PePPeR - PErsonalized Perturbation ProfilER
PePPeR (Personalized Perturbation ProfileR) is an R package providing methods to fetch expression data sets from the GEO database, identify per-individual or group-wise differentially expressed (DE) genes and construct individual perturbation profiles.
Requirements
Depends:
- R (>= 3.0.2)
Imports:
- Biobase
- GEOquery
Suggests:
- limma
- affy
- samr
- preprocessCore
- makecdfenv
Installation
Directly from GitHub
You can use install_github()
method in devtools package
install.packages("devtools")
library(devtools)
install_github("emreg00/pepper", dependencies = T)
From an archieve file
Create a tarball containing the files in the repository
tar cvzf pepper.tgz --exclude .git pepper/
Install it using R
R CMD INSTALL pepper.tgz
Usage
> library(PEPPER)
>
See the documentation on the following functions for their use (?function.name):
fetch.expression.data
: for fetching information from NCBI GEO data basefind.de.genes
: for getting group-wise DE genesget.z.matrix
andget.z.score
andget.peeps.from.z.matrix
: for getting per-individual DE genes
See classify.simple.R
function for an example on how to use PeePs for sample classification.

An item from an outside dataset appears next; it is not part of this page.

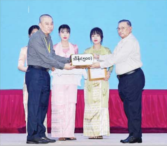
နိုင်ငံတော်စီမံအုပ်ချုပ်ရေးကောင်စီဝင် ဦးဝဏ္ဏမောင်လှိုင် စေတနာရှင်၊ အလှူရှင် တစ်ဦးက အလှူငွေများ ပေးအပ်လှူဒါန်းမှုကို လက်ခံရယူစဉ်။

ထိုနေ့က နိုင်ငံတော်စီမံအုပ်ချုပ် ရေးကောင်စီဥက္ကဋ္ဌ နိုင်ငံတော် ဝန်ကြီးချုပ်က အလှူငွေများ လှူဒါန်းမှုနှင့်ပတ်သက်၍ ကျေးဇူး တင်စကား ပြောကြားရာတွင် “စုပေါင်းအားနဲ့ ကျွန်တော်တို့ ကျော်လွှားရမှာဖြစ်ပါတယ်။ ဒီနေ့ ခင်ဗျားတို့လှူတဲ့ ပိုက်ဆံက ၃၁ ဘီလီယံကျော်ဟာ နည်းတိုက်ဆံ မဟုတ်ပါဘူး။ ကျွန်တော် တော် တော်ကြီးကို ကျေးဇူးတင်ပါတယ်။ ကျွန်တော်တို့လည်း ငွေသုံးရ

Case study: Getting DE genes in a reprocessed GEO Parkinson data set (GSE7621)
- Fetch the Parkinson data set available at GEO, reprocess it using affy package and map probes to gene ids
# Data set specific parameters
geo.id <- "GSE7621" # GEO id of the data set
probe.conversion <- "ENTREZ_GENE_ID" # column name for gene id mapping
conversion.map <- NULL # probe to gene mapping, if NULL uses the mapping in the data set
conversion.mapping.function <- NULL # modify probe names using this function
sample.mapping.column <- "characteristics_ch1" # column to use for sample mapping
geo.id.sub <- NULL # the platform to use if there are multiple platform annotations
reprocess <- "affy" # reprocessing type for raw data
output.dir <- "./"
# Get the expression and sample mapping info from the reprocessed data set
d <- fetch.expression.data(geo.id, sample.mapping.column = sample.mapping.column, do.log2 = NULL, probe.conversion = probe.conversion, conversion.map = conversion.map, conversion.mapping.function = conversion.mapping.function, output.dir = output.dir, geo.id.sub = geo.id.sub, reprocess = reprocess)
expr <- d$expr
sample.mapping <- d$sample.mapping
- Get group-wise DE
states.case <- c("Parkinson's Disease")
states.control <- c("Old Control")
out.file <- "case_mapping.dat"
sample.mapping <- convert.sample.mapping.to.case.control(sample.mapping, states.case, states.control, out.file = out.file)
adjust.method <- 'BH'
fdr.cutoff <- 0.05
out.file <- "de.dat"
de <- find.de.genes(expr, sample.mapping, c("case", "control"), method="limma", out.file, adjust.method=adjust.method, cutoff=fdr.cutoff, functional.enrichment="kegg")
de <- de[abs(de$logFC)>=1,]
- Get per-individual DE
# Get z scores
out.file <- "z.dat"
cutoff <- 2.5
z = get.z.matrix(expr, sample.mapping, method="mean", out.file=out.file)
indices <- apply(abs(z), 2, function(x) { which(x >= cutoff)})
geneids <- lapply(indices, function(x) { rownames(z)[x] })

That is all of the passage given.